The decentralized approach to manage resources in Condor.

Figure 2. The decentralized approach to managing resources in Condor. (Source: [1].)

Decentralized approach to managing a single cluster: Figure 2 illustrates the architecture introduced by Condor. There are three key components, placed on each submission machine, each remote machine, and a central matchmaker (manager). The submission machine is where the client submits the job. Independent operators provide the remote nodes, which are machines that can run jobs. The centralized matchmaker receives ClassAds from both jobs and nodes, and finds good matches between them. The architecture is decentralized even if the matchmaker is a central component, because the main operation of the system, and especially the job execution, takes place independently of the central manager.

The basic operation of this architecture includes the following steps:

1a. The jobs send ClassAds to the matchmaker, advertising their need for resources. These needs can be complex, specifying the processor architecture, amount of resources, and other information.

1b. Concurrently with step 1a, remote nodes send ClassAds to the matchmaker. Similarly to the ClassAds of jobs, the remote nodes can offer detailed information, including their processor architecture, amount of available resources, and other information.

1c. The matchmaker finds matches between jobs and machines, which is effectively a scheduling decision waiting for its enforcement.

1d. The matchmaker notifies the submission machine of the match.

2a. The submission machine starts a shadow process that represents the remote job on the execution machine, allowing the process to interact with the matchmaker, to start the scheduling process for another job on the submission machine.

2b/c. The submission machine contacts the remote node that was identified as a match, and receives an agreement from the remote node to execute the job.

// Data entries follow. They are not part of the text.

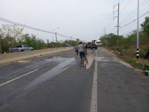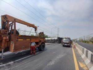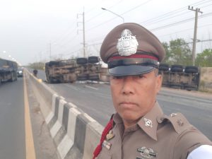 วันที่ 21 มีนาคม พ.ศ. 2568 เวลา 07.00 น. ร.ต.อ.เนติโรจน์ ปิยะภิรมย์ชัย รอง สว.(สอบสวน)สภ.พิมาย, ร.ต.อ.สุพรรณโรจน์ อิ่มวิเศษ รอง สวป.สภ.พิมาย (ปฏิบัติหน้าที่ร้อยเวรจราจร) พร้อมด้วยสายตรวจจราจรและเจ้าหน้าที่กู้ภัย ร่วมตรวจสอบอุบัติเหตุรถยนต์บรรทุกพ่วงเสียหลักพลิกคว่ำกีดขวางการจราจรบริเวณถนนพิมาย-ตลาดแค ก่อนถึง บ.เกลือพิมาย จำกัด ต.กระเบื้องใหญ่ อ.พิมาย จ.นครราชสีมา โดยได้ดำเนินวางกรวยยางเปิดช่องการจราจรพิเศษ ประสานรถยกนำรถยนต์บรรทุกพ่วงที่เกิดอุบัติเหตุออกจากถนน และทำความสะอาดคราบน้ำมันออกจากพื้นผิวการจราจร เพื่อเปิดใช้งานตามปกติต่อไป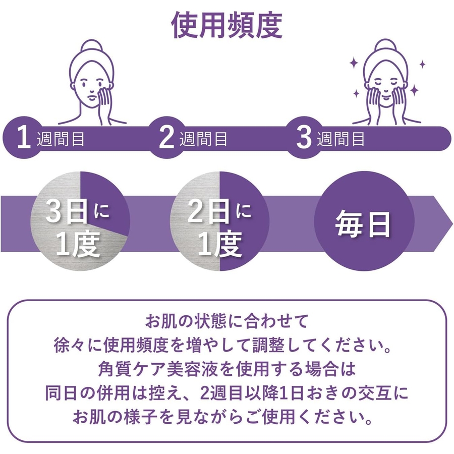 ※角質ケア美容液を使用する場合は同日の併用は控え、2週目以降1日おきの交互にお肌の様子を見ながらご使用ください。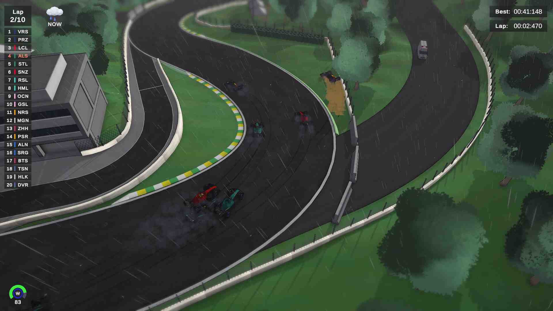 Unbelievable game its like megadrive racing but updated graphics and controls dovong into hairpins like real f1 cant eait for mods and s workshop to hopefully get the 90s cars ect and eoulf love ondy car and nascar days of thunder versions or mods of not thanks for great game I’ve been enjoying this game a lot so far. Very good top down racer, feels very nice to handle. Complexity level is good enough, with each tyre type actually feeling different. Just some minor bugs, like the game not advancing and getting stuck after completing the Quali lap. This game has more to deliver to make it more complete, such as racing against even your own ghost, but good lord the physics feel good. I don’t have incredible oversteer where every corner is an attempt to drift without losing speed. Momentum loss for going off course feels good, even though there is no time punishment the drop in momentum makes it tougher to abuse.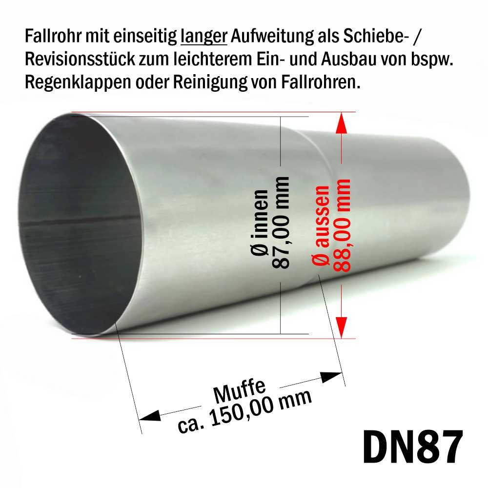 Dieses runde Fallrohr aus Titanzink hat einen Durchmesser von 87 mm und eine Länge von 0,5 Meter. Die Aufweitung / Lang-/Schiebemuffe 15cm am oberen Ende dient zum einfachen Zusammenstecken mehrerer Fallrohre zu einem langen Strang.

3b/c. The remote machine starts the job. The remote node can have many more resources available than the submission machine, and the remote node can stay active long after the client has disconnected from the submission machine. As depicted in Figure 2, there may be several jobs running concurrently on the remote node.

Advantages: The central matchmaking sub-system enables complex descriptions for jobs and nodes, and simplifies implementing and deploying core scheduling decisions in production. On the client side, the resource selection problem is managed automatically.

The most important advantage of the Condor architecture is that, beyond the scheduling decision, the system scales much better than the head node approach, because each submission machine – in some systems, each client’s laptop can act as a submission machine – connects directly to each remote node, effectively distributing the enforcement of scheduling decisions.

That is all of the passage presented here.